Michèle Arnaud (, born Micheline Caré; 18 March 1919 – 30 March 1998), was a French singer, recording artist, and director. She was buried on 18 September 1998 at Montparnasse Cemetery. She is the mother of the singer Dominique Walter and the photographer Florence Gruère.

Arnaud was awarded a Chevalier de la Légion d'honneur and Ordre des Arts et des Lettres.

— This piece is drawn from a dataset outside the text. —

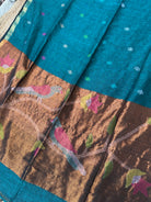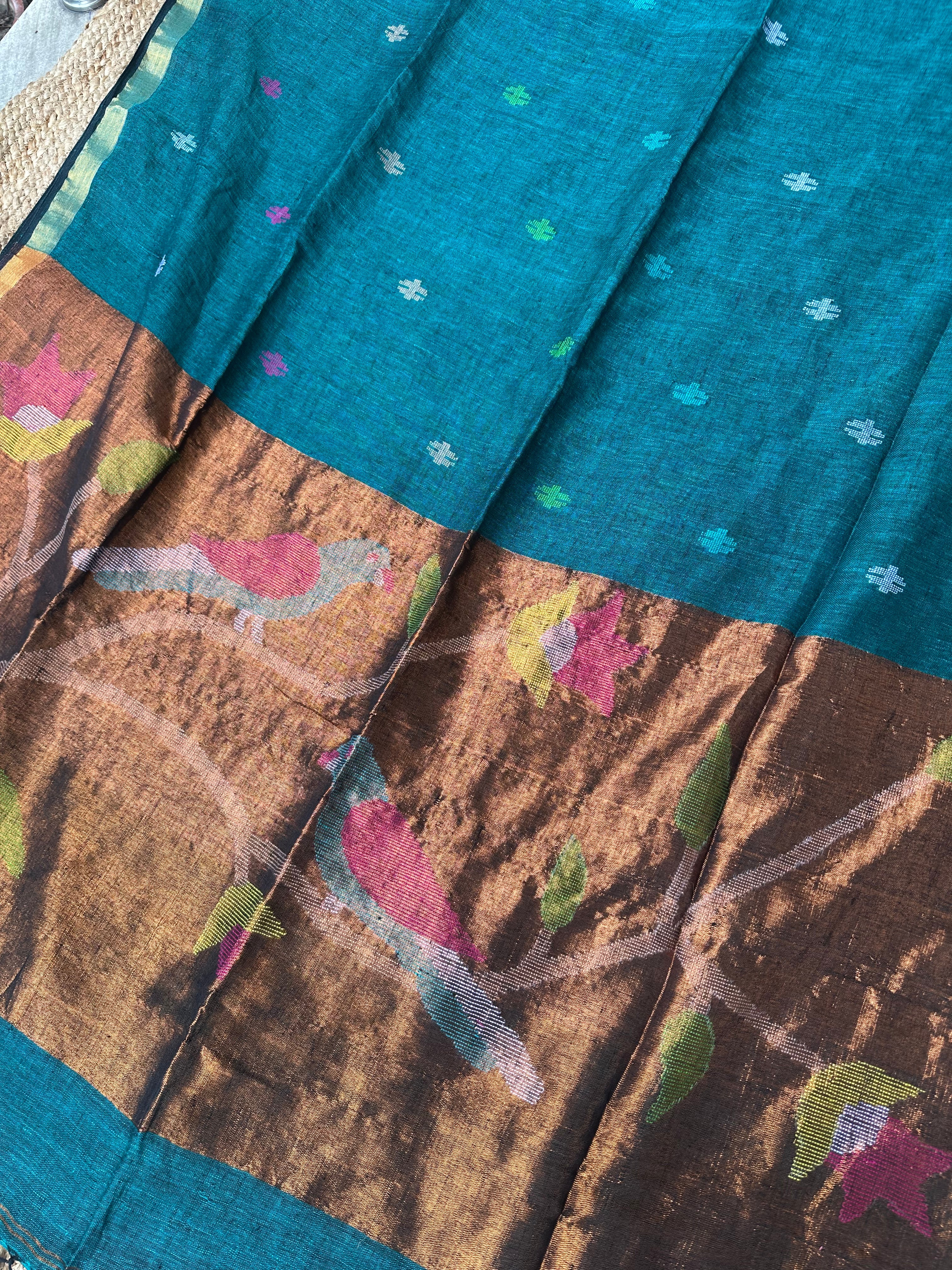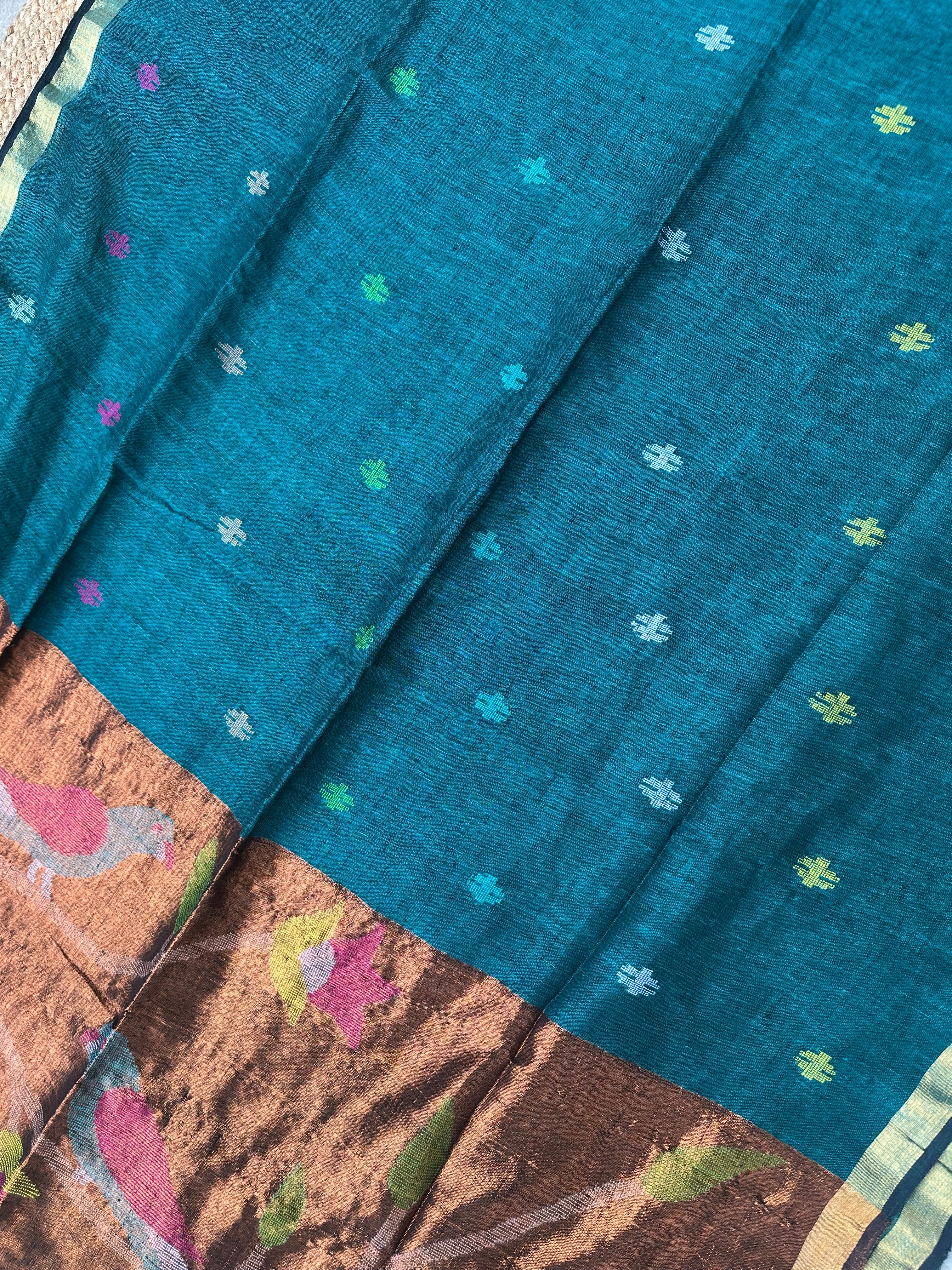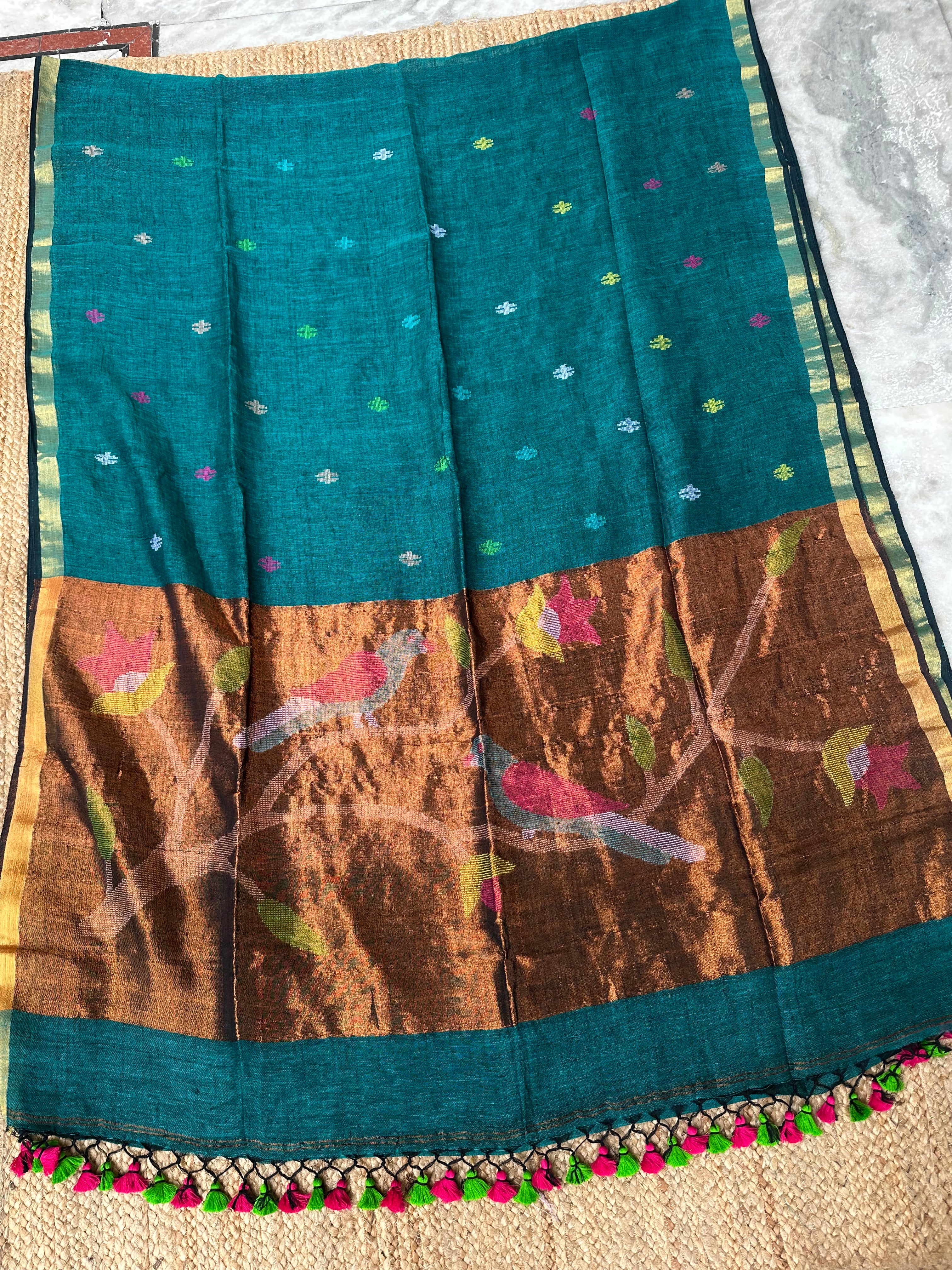 Material: Pure handloom linen fabric saree with handwoven Jamdani booti all over. From pleats portion, the bootis are at more distance. Pallu is zari pallu with Paithani inspired Jamdani handwoven work.

She was the first entrant for Luxembourg in the first edition of the Eurovision Song Contest in 1956.

Biography 

After completing her primary education in Cherbourg, she went to Paris where she took a course at the Ecole Libre des Sciences Politiques. She gained two degrees in philosophy. Simultaneously with her studies, she regularly frequented cabaret clubs such as Le Tabou and La Rose Rouge.

In 1956 she was the first entrant for Luxembourg in the first edition of the Eurovision Song Contest in Lugano, participating with the songs Ne crois pas and Les amants de minuit.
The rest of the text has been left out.